Is that a rubber chicken in the rear tire? If so, I'd say go for it. We don't have nearly enough rubber chicken cars on the road.


----------



## JayL1967 (Apr 30, 2002)

I like it....what is that in the rear wheel?


----------



## B14kid (Nov 18, 2003)

Looks good. I like....


----------



## dry (Oct 21, 2002)

that is a pole on the rear tire... I used another members pic without permission but I edited enough so that it isnt really noticable, anyway that was in front of his rear tire so its in front of mine...


----------



## Token Moron (Mar 28, 2003)

thats a nice looking car


----------



## samo (Apr 30, 2002)

Dryboy, please read this - http://www.nissanforums.com/showthread.php?t=45319


----------



## wickedsr20 (Aug 8, 2002)

I like the look. Probably cause it reminds me a lot of my car.
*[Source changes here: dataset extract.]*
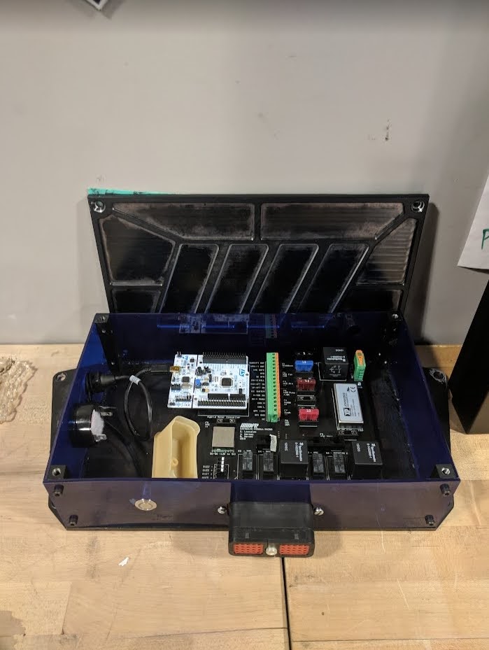 For the 2017/18 formula hybrid season, I wanted to shift my focus away from mechanical work and into the electrical systems of the vehicle. I ended up taking on a complete revamp of the low voltage system, which primarily functions as a safety circuit for shutting down systems in the event of failures or shorts. Our previous system was made on a breadboard, and was poorly documented and relatively physically unstable.

I've redid my tint to 20% (it's dark, but it just looks too good), I'm down 2" in the front and 1.5" in the back, got the blacked out lights, and I've got the c/f hood and the c/f Syndicate grille. Even down to the 17" Villains that are on my car now. I also say go for it. :cheers: 

I think the c/f hood and the grille will end up on my VE though. Boy when the weather gets warm around here, it's on again.


----------



## dry (Oct 21, 2002)

sam, I know, I saw that, which is why I chopped it the way I did, I think i did a good job changing it from being that car, which is why I put it in that background. Sorry, but I dont really like this new rule...


----------



## samo (Apr 30, 2002)

Your feelings toward this rule have no impact on the rule's inforcement. It's a rule because it's a law, and both you and NF could have charges pressed if the owner of that vehicle and/or the intellectual property owner felt like it.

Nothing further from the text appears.